BBC’s Economy Editor Stephanie Flanders Takes on New Challenging Role

Stephanie Flanders, the BBC’s long-time financial editor, has announced she is to quit the BBC to take up a lucrative role as a Chief Market Strategist at the investment bank JP Morgan.

The right time for a new challenge

For Flanders, the decision to cease her long career at the BBC was based on favorable circumstances presented to her at the right time. In other words, it was just the right time for her to assume a new challenge that would give her more prospects in her career. Not only will she see her salary triple – earning more than £400,000-a-year - but she will also have the opportunity to help a business grow. An incentive regarding her new role is that she will have more time and resources to develop her own ideas and get a deeper insight of the markets, in one of the most experienced financial institutions of the world.

Moreover, she will now have the chance to have an opinion and express it publicly, something that was not encouraged by her previous employer.

Outstanding credentials

James Harding, the BBC’s Director of News and Current Affairs, complimented Flanders for having given British audience unrivalled coverage of the economy with intelligence, understanding and good judgment. Also, Robert Peston, BBC Business Editor praised the economic editor and highlighted her authority and clarity of her journalism.
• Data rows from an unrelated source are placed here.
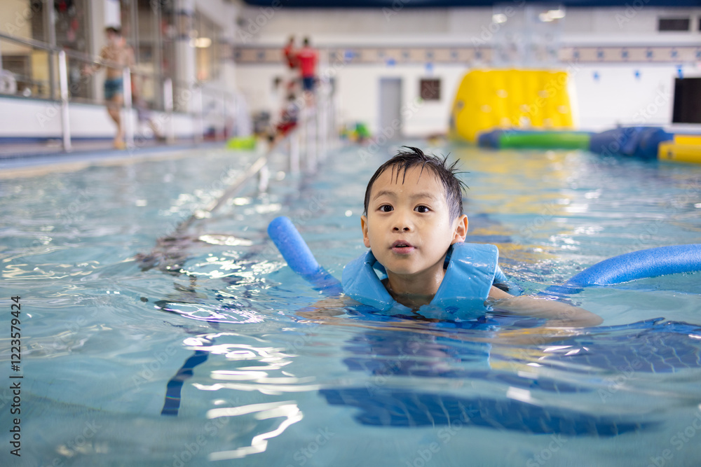 Young boy is swimming in a pool wearing a life jacket
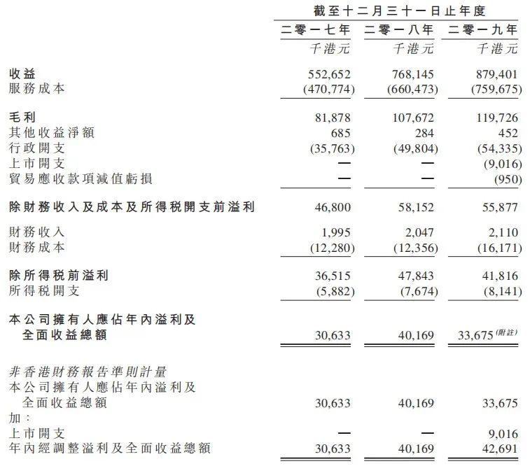 主要业务近年来保持稳定高速增长:2017年度营收5.5亿港元,毛利8200万港元;2018年度营收7.7亿港元,毛利1.08亿港元;2019年度营收8.8亿港元,毛利1.2亿港元。
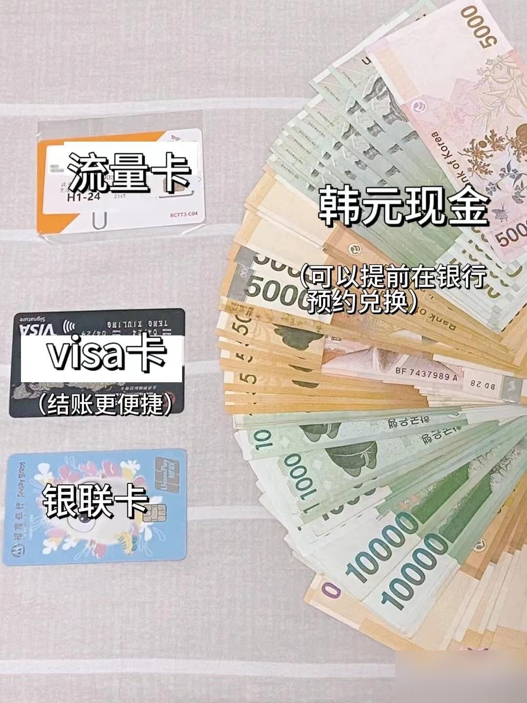 韩元现金(在中国银行或银行app购买韩国外汇,然后选择预约韩币取现·即可。要在出国前兑换,在韩国境内换汇率不是很划算。)
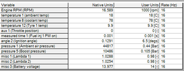 If everything is correct, ECU data will now be displayed like this. This is all the data available from the ECU. If you are seeing data like this you can now go ahead and configure the data shown.
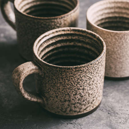 Empty ceramic coffee mugs, close-up
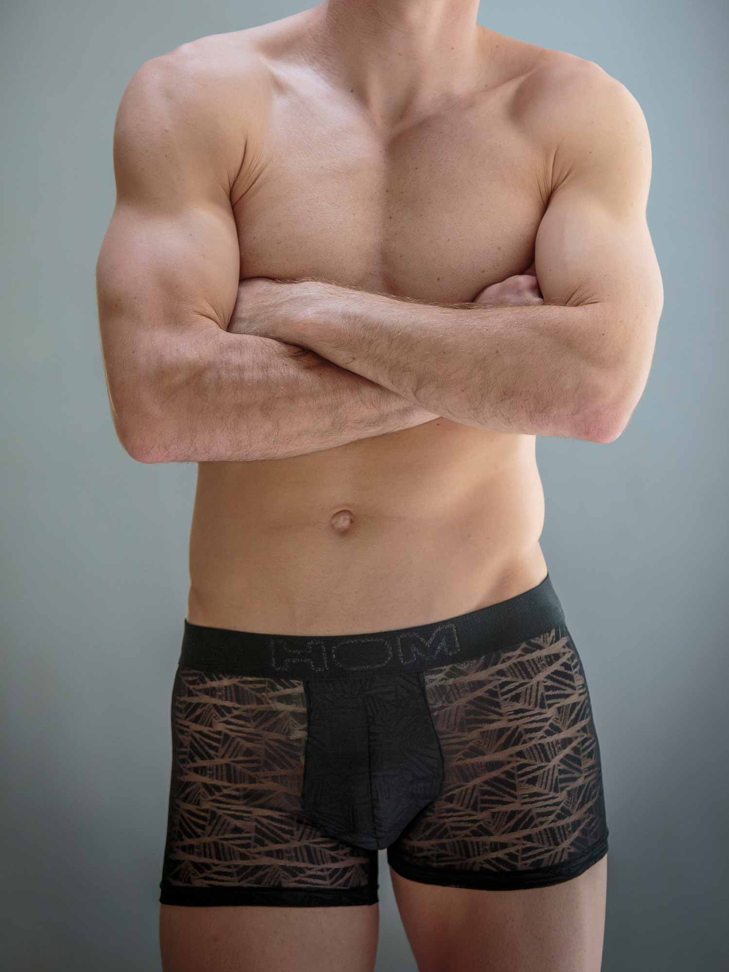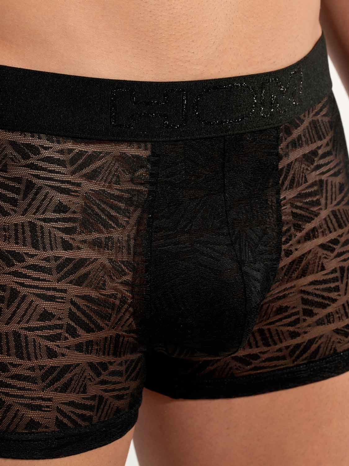 Discover the Ari - Boxer Brief from HOM, a bold and sensual boxer from the HOM Temptation series. The Ari is made from black lace with a geometric print, for a bold yet sensual effect. The transparent fabric plays erotically with the skin for the ultimate seduction.

From the bank’s side, JP Morgan’s CEO and Head of Global Funds Management, George Gatch, said: "Our fiduciary mindset as an asset manager is to help clients navigate the complexities of investing as they plan for retirement, save for education costs and sidestep the pitfalls inherent in volatile markets. Stephanie’s experience and objective approach uniquely qualify her for doing this."

Apparently, what we can learn from Flander’s story is that we should always aspire to broaden our horizons and when the right opportunity arises at the right time - take it!